The most common way of securing data is by use of an encryption system.

However, encryption systems typically require the use of an encryption/decryption key.

Relatively weak encryption systems, such as those available for portable devices, use a short length key such as a password that a user is required to remember and input to access encrypted data. However, data encrypted using such systems can be decrypted relatively easily without the password, thereby limiting such systems'worth. In more sophisticated computer systems, a longer, more complex, encryption/decryption key is used. Due to its length and/or complexity, it is not normally possible for a user to remember such a key so instead the key is normally held on the computer system. The key itself is protected within the computer system to prevent unauthorized access. Whilst this protection is straightforward in established desktop and server computer systems where user access permissions can be set at the operating system level, such security functionality is typically limited or omitted in portable devices and this prevents effective implementation of strong encryption systems.

The present invention seeks to provide a security system for such portable devices.

Statement of Invention

According to an aspect of the present invention, there is provided a security system for an electronic device having a memory, the security system comprising means arranged to interact with the electronic device to acquire at least a portion of the memory of the electronic device, and an access system arranged to control access to the acquired memory.

In a preferred aspect, the present invention seeks to provide a system in which a portion of memory is acquired from the operating system of a device. Access control is implemented such that the memory can only be accessed through the security system and cannot be accessed directly through the operating system.

Preferably the acquired memory is hidden from the operating system.

Preferably, a memory management system of the operating system is manipulated to remove references to the acquired memory.

Preferably, the acquired memory is for the exclusive use of the security system.

The acquired memory could be used for the operation of the security system and/or may be made available for use by other systems or applications.

Advantageously, the security system is operable to control access registers of the memory management unit.

In the preferred embodiment, the security device includes a hidden memory section within the device's memory not accessible by the device's operating system. The hidden memory section provides hidden storage space for functions of the security system.

In a preferred embodiment, the security system is used to store an encryption key for use in an encryption system.

According to another aspect of the present invention, there is provided a method of protecting at least a portion of a memory of an electronic device comprising the steps of : interacting with the electronic device to acquire at least a portion of the memory of the electronic device and controlling access to the acquired memory.

One embodiment implements the security system in the form of a filter driver referred to herein as the encrypting driver. The encrypting driver implements a strategy for the protection of an encryption key used for data encryption.
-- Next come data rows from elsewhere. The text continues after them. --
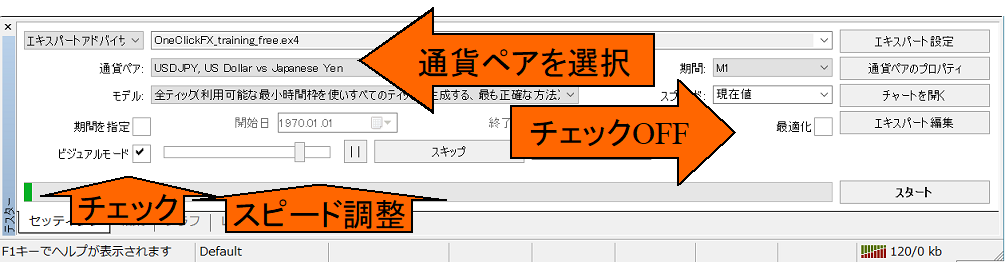 5) ストラテジーテスターから、Expert「OneClickFX_training_free」、任意の通貨ペア、モデルは全ティックを選びます。ビジュアルモードのチェックを入れ、最適化のチェックを外します。
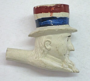 Dealer 25 has this Uncle Sam clay pipe in her showcase. The 4th and Uncle Same they are a couple really. The pipe is priced at $12.50
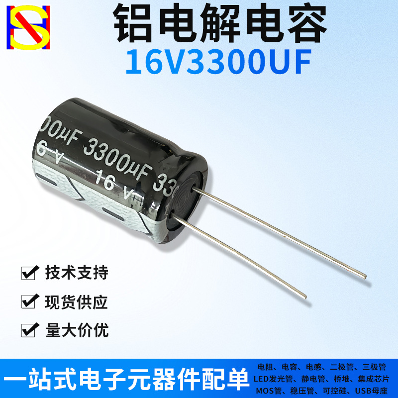 16V3300UF 직선 플러그인 알루미늄 전해 커패시터 원 스톱 전자 부품 단일 블랙/고주파스토어 가기
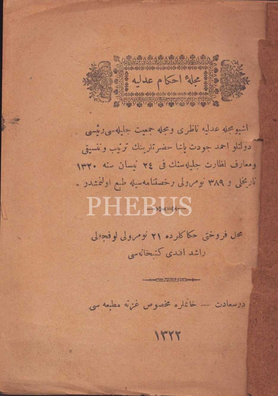 Ay yıldızlı cildinde MECELLE-İ AHKÂM-I ADLİYYE, Ahmed Cevdet Paşa, Hanımlara Mahsus Gazete Matbaası, İstanbul 1322, 633 s., 12x18 cm
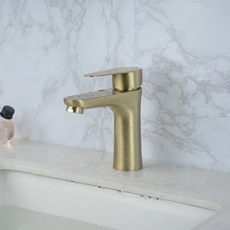 Or brossé/peinture noir robinet d’évier de lavabo en acier inoxydable robinet de vanité monté sur le pont mitigeur un trou eau chaude froide mitigeur

The principal feature of the preferred embodiments is that the system acquires a portion of memory from the operating system. Preferably, this is achieved by interacting directly with the memory management unit (MMU). The system applies access control to the acquired memory. Whilst access control might not be achieved through the operating

system directly, MMU registers may be accessed and modified such that memory becomes unavailable to the system.

The preferred embodiments can provide a security product for mobile computing devices such as personal digital assistants (PDAs), mobile telephones and personal computers, and in particular a comprehensive set of security features, including an encryption component for the transparent encryption of all data stored on removable memory cards (SD/Compact Flash cards). The preferred embodiments seek to achieve baseline certification by the Communications & Electronics Security Group (CESG) of GCHQ (Government Communications Head Quarters).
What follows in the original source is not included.